Study Abroad Q&A: Merida, Mexico


By HAYLEY HOFFMANSTAFF WRITER

Centre is currently one of the top institutions in the nation for studying abroad, and it is easy to see why.

Most students study abroad at least once during their time here through one of Centre’s numerous programs in cities including London, Glasgow, and Strasbourg.

In this issue, The Cento talked to sophomore Jeri Howell, a Spanish and Environmental Studies double major, who is currently studying abroad with the Centre-in-the-Yucatan program. She answered questions about her homestay experience, performing in an Irish pub, and adapting to the culture of Merida.

Q: What was your initial impression of Merida?

A: At the beginning of the Merida trip, students stay right in the heart of downtown. I was completely overwhelmed and completely excited all at once – so many people!

So much live music! So many street vendors! So many colors! And this was just the first night. I knew that I would be having a “cultural blast” during my time in Merida.

Q: What is a typical day like for you?

A: On a typical weekday, I’ll eat breakfast with my host mom, walk to class, walk home for a big lunch, talk to my host family for a bit, walk back to class, then run errands/hang out with friends around our neighborhood. Then, like a normal Centre student, we all do as much homework as possible before and after dinner until we go to bed.
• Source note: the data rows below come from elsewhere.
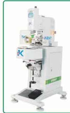
- 独立机箱配2位 气动圆转盘
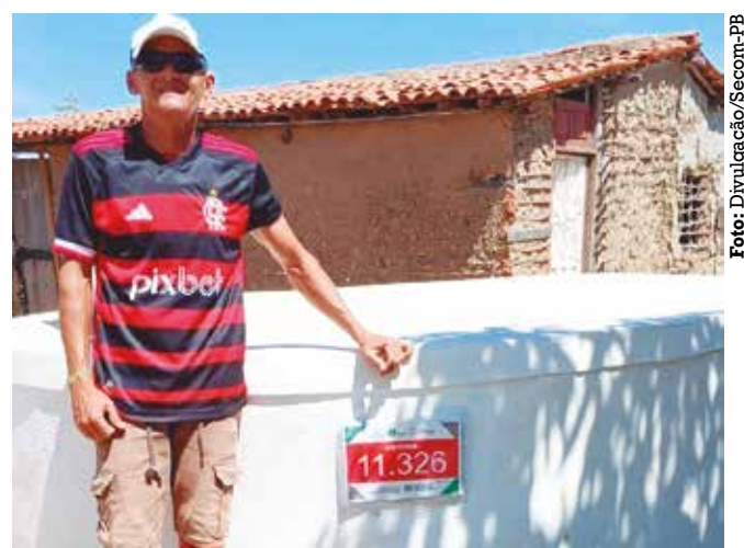
Reservatórios garantem acesso à água no Semiárido

O processo para a construção das cisternas pelo PB Rural Sustentável começa com a seleção das famílias, conduzida pela Empaer, em
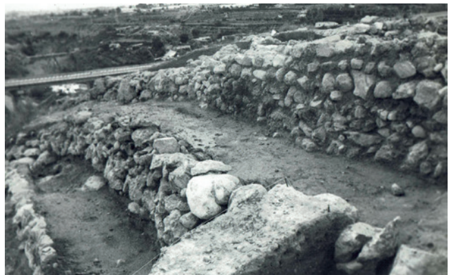
Figura 19.10. Detalle de la plataforma F y G. durante su proceso de excavación.

La habitación A estaba constituida por las estancias A y B de la excavación de R. Ramos Fernández (fig. 19.11). No hay ninguna mención al muro central que dividiría esta habitación A en dos estancias, pudiendo, tal vez, corresponder a una segunda fase constructiva, y que en el momento de la excavación de A. González Prats y E. Ruiz Segura ya habría desaparecido fruto de la erosión y las agresiones antrópicas. En esta vivienda
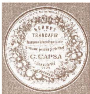
Etichetă realizată după litografia lui G. Voneberg, pentru șerbet de trandafiri, unul din produsele Casei Capsa. Sfârșitul secolului al XIX-lea.
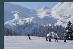
Das Diemtigtal bietet alle Möglichkeiten für sportliche Winteraktivitäten im familiären Ambiente.
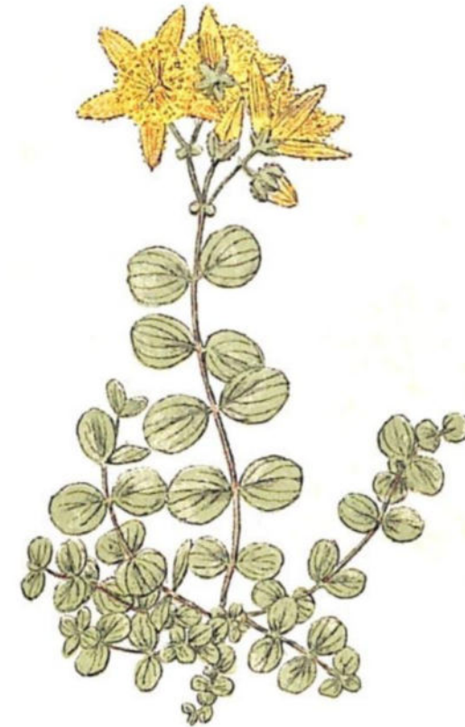
Iperico a rotella ( Hypericum nummularium L.)
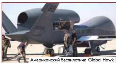
Американский беспилотник Global Hawk

тывающие электроэнергию для этих двигателей. Некоторые из этих моделей находятся на грани пилотируемых и беспилотных летательных аппаратов. Впрочем, последнее - пока экзотика.

In the study abroad trip to Merida, Mexico Centre students like sophomore Jeri Howell have formed a band named “Paper Strings.”

In the study abroad trip to Merida, Mexico Centre students like sophomore Jeri Howell have formed a band named “Paper Strings.”

Q: What is the homestay experience like?

A: My homestay experience is amazing. I would not study abroad any other way. Every day after class or after being away, I look forward to coming “home.”

My favorite activity in Merida is to talk to my host mom.

It is so incredible being in someone else’s home because you get to meet all of their family and friends that visit, go on outings with them, do chores with them, laugh, cry and LIVE with them.

My experience in Merida would not be as amazing if it were not for my host family.

Q: How have your classes connected you to the culture?

A: Every class is connected to Mexican culture. More specifically, it is connected to the Yucatan Peninsula – the region of Mexico that we are living in.

My classes help me to have a stronger grasp on the history, politics and culture of Mexico that create what it means to be “Yucatecan,” “Maya,” “Mexican,” or “Latin American.”

Q: Was it challenging to adjust to the culture?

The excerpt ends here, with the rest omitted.